Lampu kamar menyala. Seseorang yang masuk ke kamar itu melihat Mahika yang duduk bersimpuh. Bahunya bergetar. Suara sesenggukannya terdengar.

Perlahan dia melangkah menghampiri anak itu. Duduk di hadapan Mahika, dia tepuk pelan lengan Mahika.

Detik demi detik Mahika mulai meluruskan wajahnya. Dia menatap seseorang yang berada di hadapannya. Jemari dinginnya terangkat mengusap wajah orang itu.

"Kenapa nangis? Lampunya kenapa dimatikan. Tidak ke asrama? Kenapa di kamarku, hum?"

Mahika semakin terisak. Dia menunduk tersedu-sedu.

"Ada apa? Kenapa nangis? Kemari. Kemari, sayang."

Malam itu Mahika merasakan tubuhnya ditarik lembut penuh cinta ke dalam pelukan yang tak ubahnya seperti selimut paling lembut dan hangat. Dia menumpahkan segala laranya di lingkaran tangan yang memeluknya.

"Aku.....aku nggak mau sendirian. Aku capek hidup sendirian. Aku capek ngelihat orang-orang yang aku sayang pergi. Mereka semua ninggalin aku. Mereka semua nggak tahu kalau dari kecil aku selalu kesepian." Dia menangis sejadi-jadinya.

"Nggak ada yang ninggalin kamu. Aku di sini. Aku nggak ninggalin kamu. Sekarang lihat. Aku di sini, di depan kamu. Kita mau nikah, kan? Mau buat pesta di pesantren? Kita tinggal berdua di kota. Iya?"

Mahika mendongak menatap wajah lelaki itu. Dia tersenyum tapi air matanya jatuh terus menerus.

"Aku nggak mungkin ninggalin kamu dan anak kita. Aku nggak sejahat itu."

Mahika mengusap air matanya.

"Ta....tapi aku nyaksiin sendiri kamu dibawa sama orang-orang. Tubuh kamu dibalut kain putih. Kamu nggak sadarkan diri. Tubuh kamu luka, banyak darahnya, banyak lebamnya.
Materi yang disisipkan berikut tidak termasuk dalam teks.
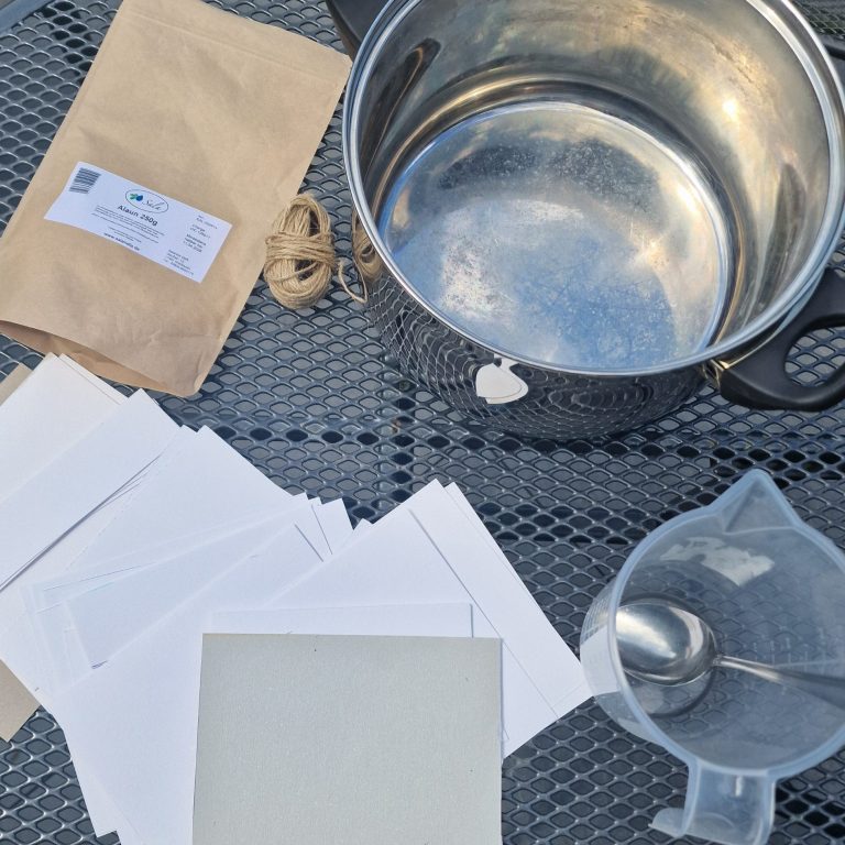 Du brauchst schöne Blätter und Blüten, Papier (z.B. Aquarellpapier), Pappe, Band, Alaunsalz, warmes Wasser, einen großen Topf und Geduld.

Tubuh kamu biru...."

Mahika menjatuhkan keningnya ke kening Zaman. Dia menangis mengusap wajah lelaki itu.

"Aku nggak tahu sesakit apa yang kamu rasakan. Tapi aku hampir mati lihat tubuh kamu, Zaman. Aku kesakitan lihat tubuh kamu yang banyak lukanya," Mahika menatap wajah Zaman. Dia menggeleng kepala. Air matanya terus jatuh. "Sakit? Pasti sakit ya? Kamu diapain? Siapa yang pukulin kamu? Siapa yang nyiksa kamu......" dia menunduk sesenggukan.

Usapan lembut terasa pada lengannya. Lelaki itu mengusap lengannya. Mengusap air matanya. Mencium keningnya.

"Aku baik-baik saja. Nggak ada yang luka, sayang. Lihat. Tatap aku. Nggak ada luka lebam."